-------- Record excerpts

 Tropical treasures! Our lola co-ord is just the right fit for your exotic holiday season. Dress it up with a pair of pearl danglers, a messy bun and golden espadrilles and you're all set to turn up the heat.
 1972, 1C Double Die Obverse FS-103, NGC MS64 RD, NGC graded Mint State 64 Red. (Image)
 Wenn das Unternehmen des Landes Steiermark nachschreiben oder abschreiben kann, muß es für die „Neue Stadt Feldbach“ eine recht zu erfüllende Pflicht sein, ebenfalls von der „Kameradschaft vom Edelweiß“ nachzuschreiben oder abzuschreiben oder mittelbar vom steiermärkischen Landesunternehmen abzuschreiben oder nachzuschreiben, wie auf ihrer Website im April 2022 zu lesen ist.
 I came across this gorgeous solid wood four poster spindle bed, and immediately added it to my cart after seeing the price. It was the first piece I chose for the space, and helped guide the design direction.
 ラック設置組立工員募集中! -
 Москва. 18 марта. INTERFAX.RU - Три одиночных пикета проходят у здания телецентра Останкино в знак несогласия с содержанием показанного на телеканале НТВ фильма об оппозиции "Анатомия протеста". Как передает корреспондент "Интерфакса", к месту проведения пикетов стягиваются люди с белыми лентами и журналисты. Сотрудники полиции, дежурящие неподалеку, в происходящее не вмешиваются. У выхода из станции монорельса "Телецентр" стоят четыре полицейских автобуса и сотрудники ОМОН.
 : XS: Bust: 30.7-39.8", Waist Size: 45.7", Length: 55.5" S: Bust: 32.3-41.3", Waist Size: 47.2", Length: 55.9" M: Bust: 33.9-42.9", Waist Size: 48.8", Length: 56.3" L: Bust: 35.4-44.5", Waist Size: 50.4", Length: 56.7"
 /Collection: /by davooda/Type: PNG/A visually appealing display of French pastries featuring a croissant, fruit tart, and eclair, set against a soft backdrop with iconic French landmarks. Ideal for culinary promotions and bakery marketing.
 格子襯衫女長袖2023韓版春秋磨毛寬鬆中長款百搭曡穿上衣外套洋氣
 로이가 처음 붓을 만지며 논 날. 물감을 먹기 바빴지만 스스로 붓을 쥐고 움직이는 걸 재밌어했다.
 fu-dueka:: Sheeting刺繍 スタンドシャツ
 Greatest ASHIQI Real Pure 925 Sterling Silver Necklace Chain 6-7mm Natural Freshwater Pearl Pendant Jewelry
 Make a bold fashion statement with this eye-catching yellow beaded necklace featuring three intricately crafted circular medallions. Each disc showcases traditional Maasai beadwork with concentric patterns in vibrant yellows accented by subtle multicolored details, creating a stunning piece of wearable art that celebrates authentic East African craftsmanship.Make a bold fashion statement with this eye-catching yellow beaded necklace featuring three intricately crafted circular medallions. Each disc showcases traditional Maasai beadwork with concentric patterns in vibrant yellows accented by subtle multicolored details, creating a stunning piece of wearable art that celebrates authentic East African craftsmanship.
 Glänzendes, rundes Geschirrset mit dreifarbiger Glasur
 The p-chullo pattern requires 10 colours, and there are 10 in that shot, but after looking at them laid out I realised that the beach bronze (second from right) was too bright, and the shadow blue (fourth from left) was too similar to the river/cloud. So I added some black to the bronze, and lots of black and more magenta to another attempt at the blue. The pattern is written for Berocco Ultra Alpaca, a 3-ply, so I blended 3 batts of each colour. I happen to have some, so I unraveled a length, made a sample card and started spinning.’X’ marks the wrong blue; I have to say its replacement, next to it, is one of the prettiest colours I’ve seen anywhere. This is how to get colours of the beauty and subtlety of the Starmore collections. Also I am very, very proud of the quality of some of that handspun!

----------------

Assignment ▸
Each line from the beginning of the entries to the line with "1972, 1C Double" must be repeated exactly, with both end lines kept and no other lines given.

Result ▸
 Tropical treasures! Our lola co-ord is just the right fit for your exotic holiday season. Dress it up with a pair of pearl danglers, a messy bun and golden espadrilles and you're all set to turn up the heat.
 1972, 1C Double Die Obverse FS-103, NGC MS64 RD, NGC graded Mint State 64 Red. (Image)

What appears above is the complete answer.